While I’m open to both testimony and non-anecdotal evidence that suggest otherwise, I’m quite skeptical as to the claim that there is truly interdisciplinary training taking place in law schools today (again, one of those generalizations which admit of exceptions). (I find it utterly amazing that we still have debates about requiring courses in international and comparative law!) And I think “interdisciplinary” and “multidisciplinary” are synonymous adjectives although perhaps you have some stipulative definition in mind that makes this a distinction with a difference.

Kim Krawiec

Hi Daniel and Patrick – sorry to take a while to respond to these comments – long week, this one. Patrick may be right that “interdisciplinary” and “multidisciplinary” are synonymous, but I think I see what Daniel is driving at. That rather than thinking of ourselves as people versed in two disciplines (say law and also philosophy, just to use the example from the above comment), we become people versed in “law and philosophy,” then not fully fitting into the law or philosophy categories, but creating a new, third specialty. Perhaps it’s just a mechanism for reorienting our own thinking? Those more truly "multidisciplinary" than me will have to opine on that one, but it does seem possible.

daniel

Patrick,

You said "I’m quite skeptical as to the claim that there is truly interdisciplinary training taking place in law schools today" -- me too! As Kim suggests, my point was that what proceeds in the name of interdisciplinarity often ultimately leads to hollow specialization, carving out a third-way for itself but still specialized. Or, as you point out, sometimes it "simply involves the importation of the latest scientific fashion so as to stimulate a novel batch of scholarship."

And my semantic point was that, while interdisciplinary and multidisciplinary may by synonyms, the former has lost its original meaning and been co-opted because it's fashionable to say you do that kind of work. (There may be a bigger difference, though, where "multi" would indicate a capacity to do, or history of doing, high-quality work independent of the other discipline.)

Now, I didn't mean to spark a debate about the state of jurisprudence, and I think you might have read a bit much into my comments (e.g. I'm not saying bring back the grand metaphysics of old to reinvigorate natural law... I'm an exclusive positivist). My point was simply, like a lot of interdisciplinary work, legal philosophy risks losing its anchor in the cognate --philosophy-- conceived generally. There's an obvious relevance of political and moral philosophy to jurisprudence, but the growing discussion of very serious philosophy of action in jurisprudence illustrates just how far jurisprudence got from philosophy absent legal considerations. But even 'grand metaphysics' is worthwhile -- for instance, read not just Aquinas, but Maimonides and al-Farabi, and you start to see competing visions of metaphysics, law, and morality, and the ways they intersect, that remain important questions to law today, whether one is a natural lawyer or not.

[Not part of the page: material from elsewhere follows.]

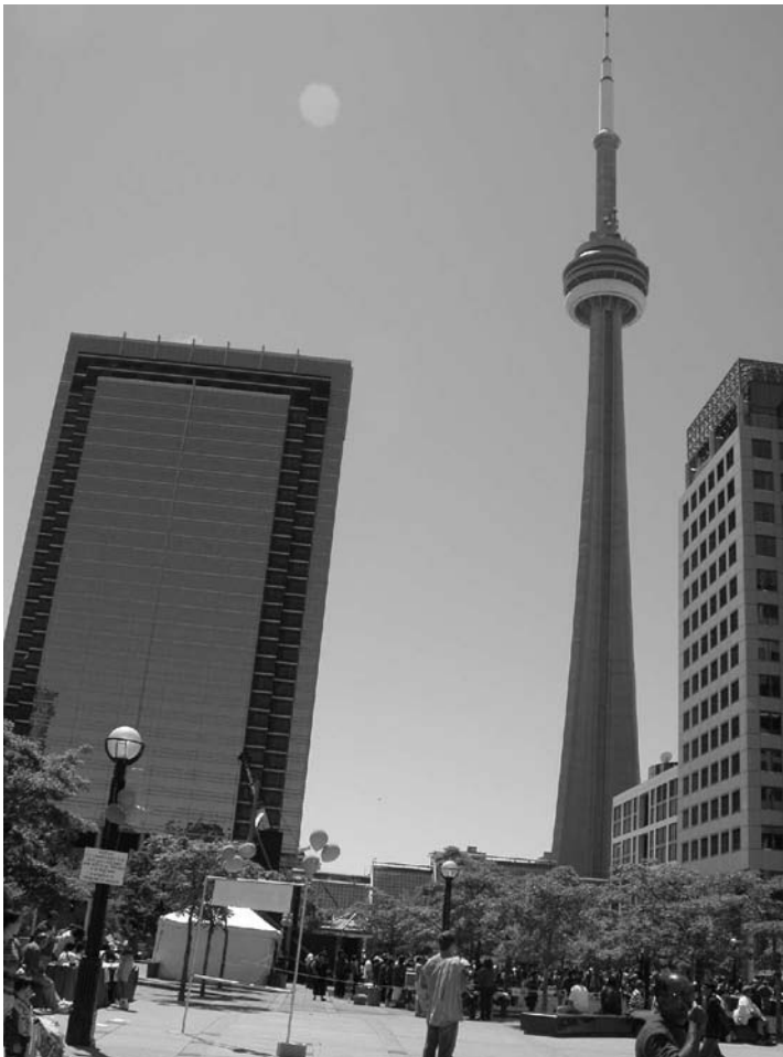
Toronto Space Needle

But that's not "law and philosophy" as it's commonly defined.

The more general point is that I think it matters how one comes to do interdisciplinary work. If you try too hard to be creative, it's hollow and forced. Studying disciplines independently gives one a different perspective of the two projects, but an integrated training risks teaching a narrow methodology developed around the intersection of two fields (e.g. some L&E programs). Too many schools try to teach creativity instead of getting together a bunch of interesting people and waiting to see what happens, as they do at the Institute for Advanced Study, and (arguably) like more law schools used to do.

Patrick S. O'Donnell

Daniel,

Thanks for the elaboration and clarification.